A explicação está no papel metabólico da massa magra. O tecido muscular atua diretamente no controle da glicose, na regulação hormonal e na redução de processos inflamatórios - fatores determinantes na prevenção de doenças crônicas, como diabetes tipo 2, obesidade e doenças cardiovasculares.

 

Para a personal trainer Inara Tavares, esse entendimento é cada vez mais claro na prática. “Com mais massa muscular, o indivíduo tem um maior controle glicêmico, menos inflamação e maior autonomia. Quanto mais massa muscular, mais longevidade e qualidade de vida é garantido”, afirmou ao VIDA deste sábado (25).

 

Com o avanço da idade, no entanto, manter essa massa se torna um desafio. A perda muscular progressiva, conhecida como sarcopenia, é um processo natural do envelhecimento, mas que pode ser acelerado pelo sedentarismo e por hábitos inadequados - e os impactos vão muito além da aparência.

 

“Com a perda de massa, aumentam riscos como quedas que causam fraturas, perda da funcionalidade, dores articulares, dificuldade de subir escadas e andar por muito tempo, além da perda da autonomia”, explicou Inara.

 

Esse cenário ajuda a entender por que a preservação muscular é, hoje, uma das prioridades em saúde pública, especialmente, em populações mais envelhecidas.

 

Individual

Apesar da importância, não existe um número universal que determine a quantidade ideal de massa muscular. Cada corpo responde de forma única, considerando fatores como idade, sexo, altura e composição corporal. Mais do que atingir um padrão, o foco está em manter níveis saudáveis e funcionais.

 

“Não existe nenhum número exato. A massa magra depende muito de cada indivíduo”, destacou a profissional.

 

Na prática, isso significa que o acompanhamento personalizado, com avaliação física e orientação profissional, é essencial para entender as necessidades de cada pessoa.

 

Outro ponto-chave é a combinação entre treino e alimentação. Não basta frequentar a academia sem dar atenção ao que se consome - e o inverso também não funciona. A construção e manutenção muscular dependem diretamente desse equilíbrio.

 

“Os dois se complementam.

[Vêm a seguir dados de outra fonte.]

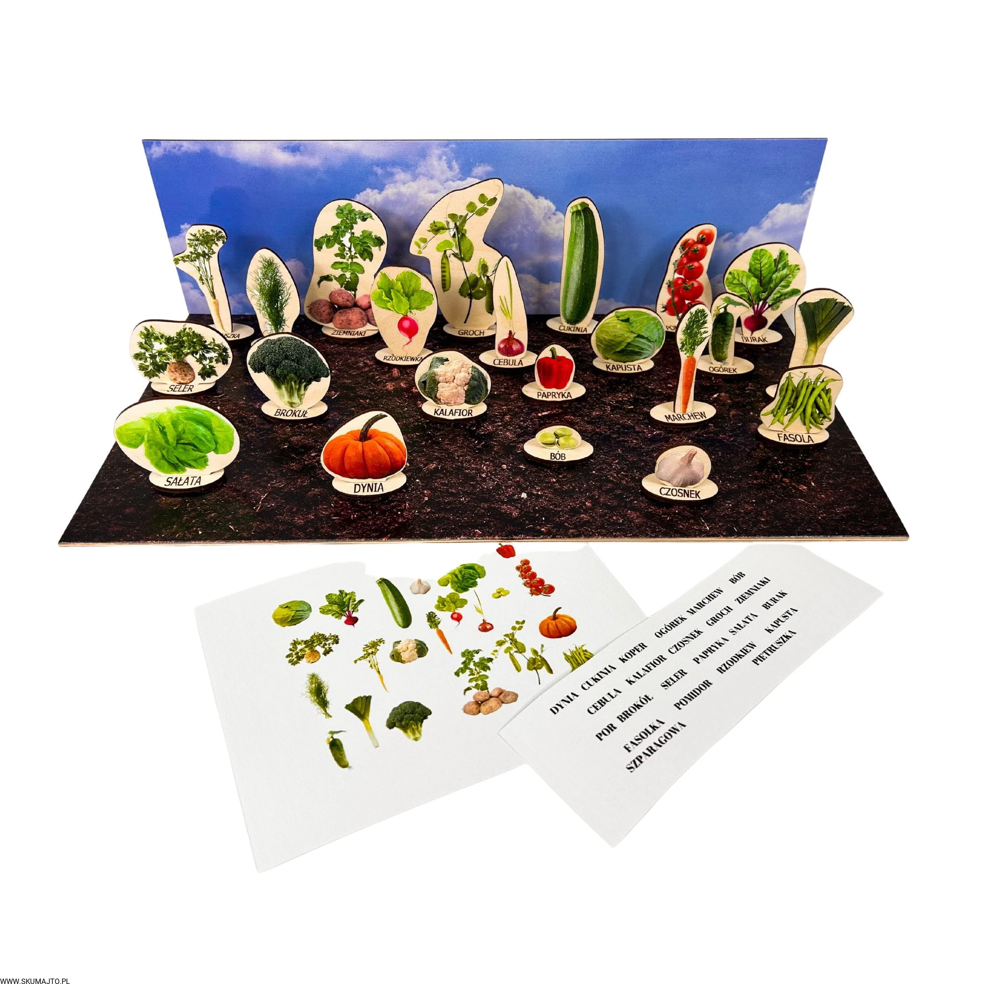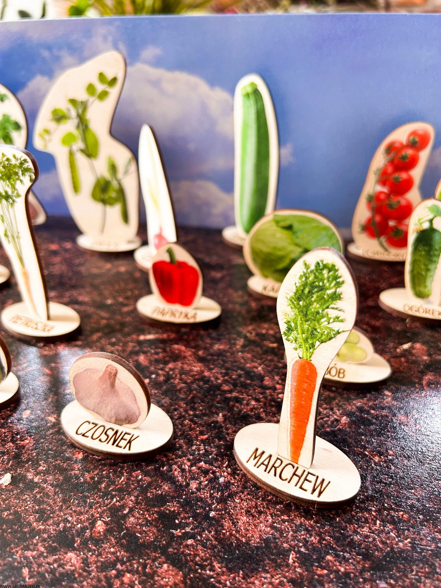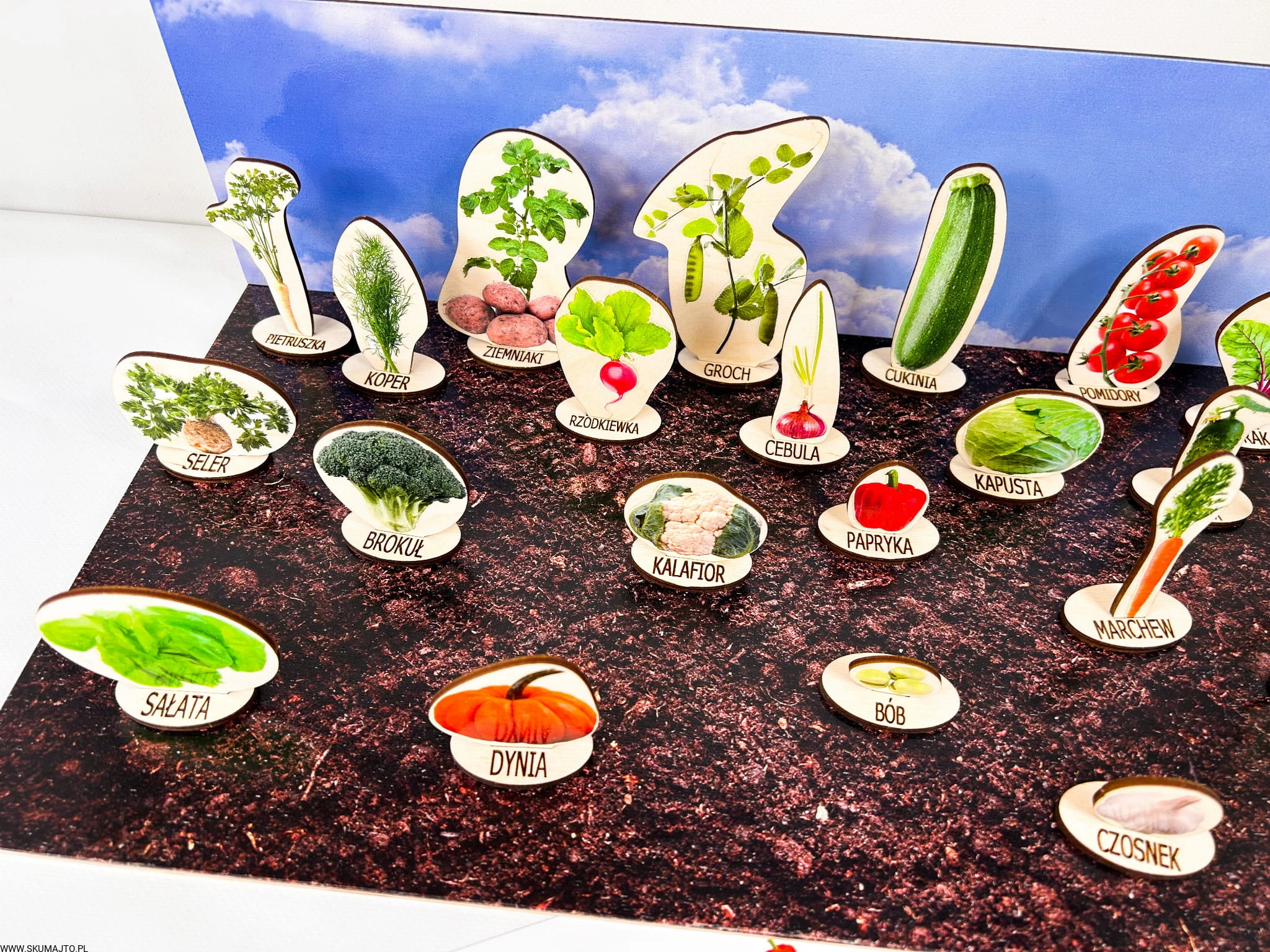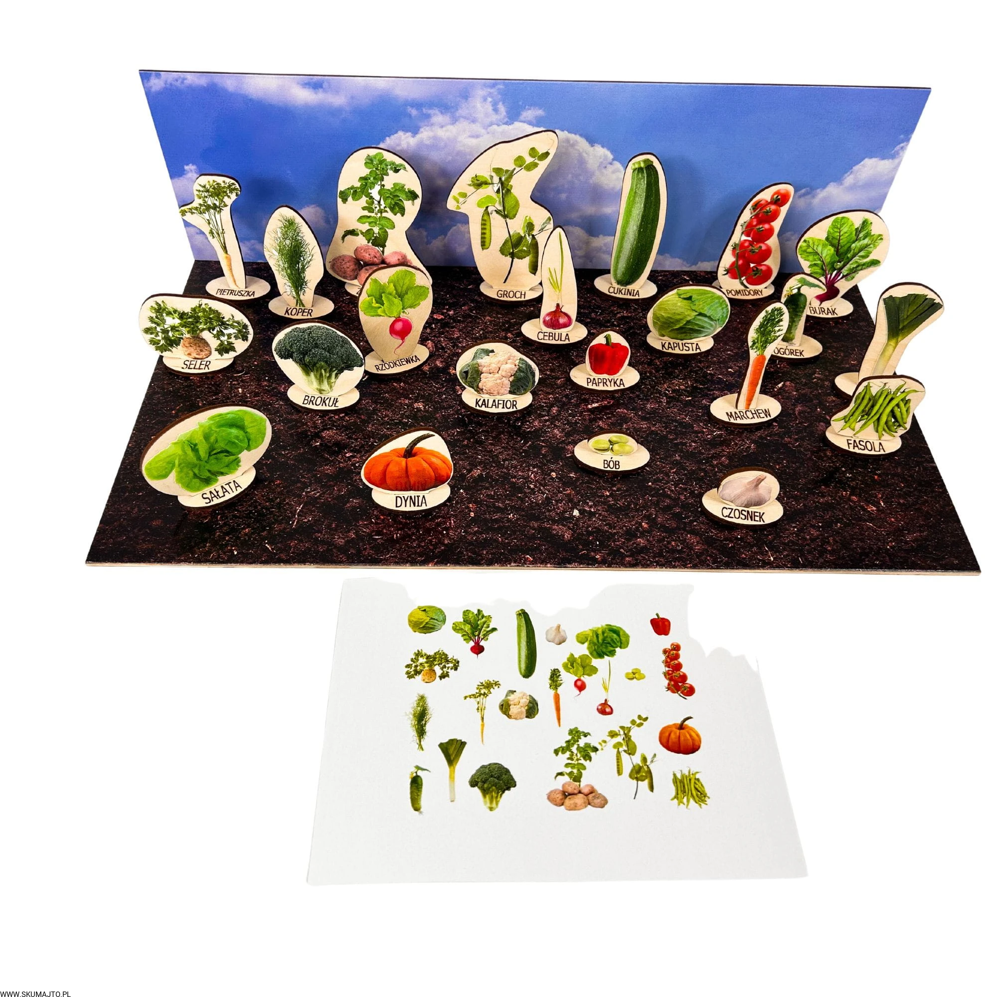 W ogródku, układanka drewniana o warzywach, odwzorowywanie, stojące elementy na kolorowej podstawie

Sem treino, não existe massa muscular; sem alimentação, o treino não constrói. Só funciona se os dois andarem de mãos dadas”, reforçou Inara.

 

Proteínas adequadas, ingestão calórica equilibrada e micronutrientes são fundamentais para sustentar esse processo.

 

Processo

A atenção à massa muscular também deve começar mais cedo do que muitos imaginam. Embora os efeitos mais visíveis apareçam com o envelhecimento, a perda começa de forma silenciosa ainda na vida adulta, e pode se intensificar rapidamente sem intervenção.

 

“A perda se inicia nos 30 anos e acelera a partir dos 40. Portanto, é importante manter a constância de treinos a partir dessa idade para, na melhor idade, você estar funcional”, encerrou Inara.